TASK TO CARRY OUT:
Every line from the one containing "Placa de aluminio" through the end of the listing below must be given again exactly, and nothing else; exclude pictures.
===== DATASET EXTRACT
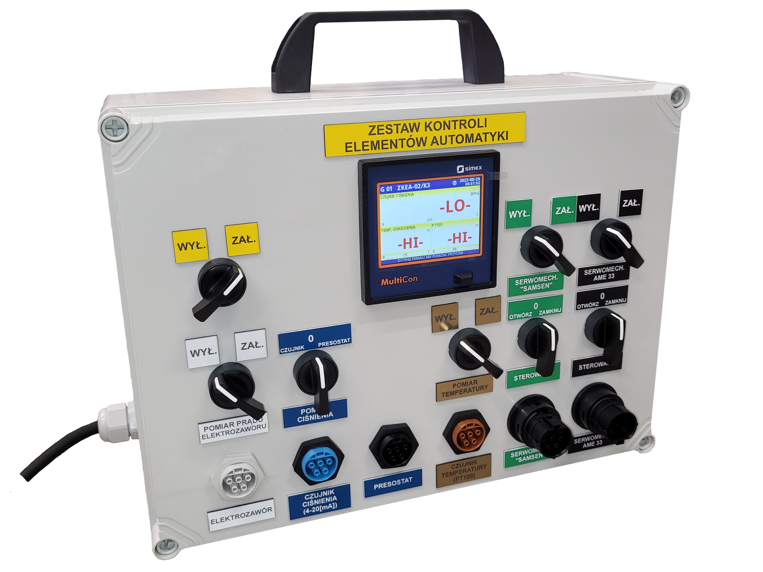 Zestaw kontroli elementów automatyki typu ZKEA-02/K3 przeznaczony jest do sprawdzenia poprawności wskazań czujników stosowanych w automatyce kopalnianej (PT100 i 4-20[mA]). Dodatkowo umożliwia przetestowanie elektrozaworu oraz dwóch rodzajów serwomechanizmów. Zestaw jest przystosowany do pracy w kopalnianej sieci 230[V] z izolowanym punktem neutralnym transformatora (układ sieci IT). Zestaw posiada przewód zasilający zakończony konfekcjonowaną wtyczką 230[V] AC.
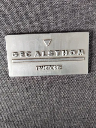 Placa de aluminio con el logo de GEC ALSTHOM y la palabra TRANSPORTE. - Material: Aluminio. - Grabado: GEC ALSTHOM. - Texto adicional: TRANSPORTE. 9cm largo por 4,5 de ancho
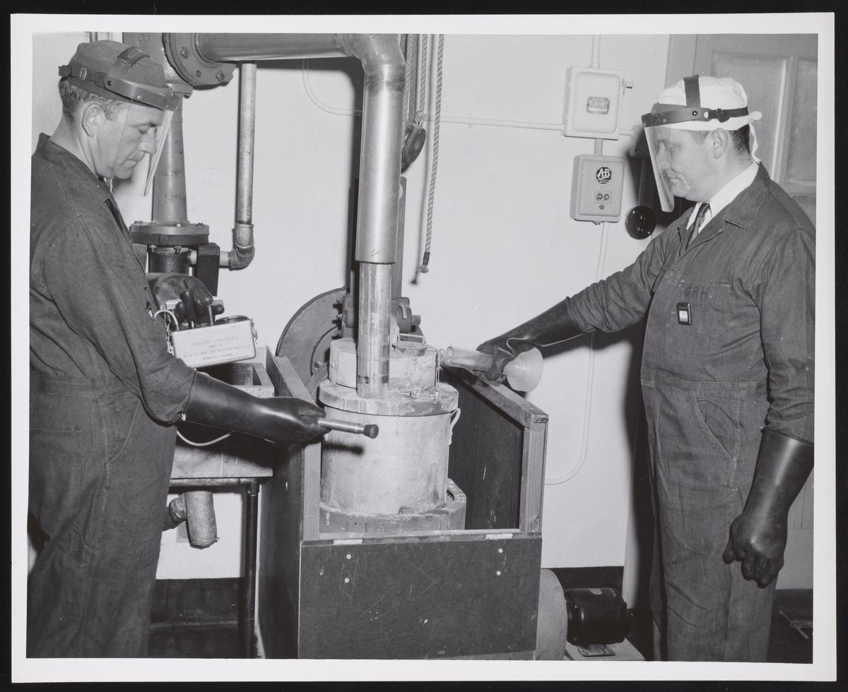 View of chemist George Wieczorek (right) and an unidentified chemist using a Geiger counter to measure ionizing radiation in an unknown substance at a U.S. Department of Agriculture facility. The U.S.D.A. commonly used radioactive material for a variety of research and testing, including the study of radioactive substances as fertilizer, as well as to model the impacts of radioactive material in soil and test the effectiveness of new insect control techniques or materials.
==========
RESPONSE:
 Placa de aluminio con el logo de GEC ALSTHOM y la palabra TRANSPORTE. - Material: Aluminio. - Grabado: GEC ALSTHOM. - Texto adicional: TRANSPORTE. 9cm largo por 4,5 de ancho
 View of chemist George Wieczorek (right) and an unidentified chemist using a Geiger counter to measure ionizing radiation in an unknown substance at a U.S. Department of Agriculture facility. The U.S.D.A. commonly used radioactive material for a variety of research and testing, including the study of radioactive substances as fertilizer, as well as to model the impacts of radioactive material in soil and test the effectiveness of new insect control techniques or materials.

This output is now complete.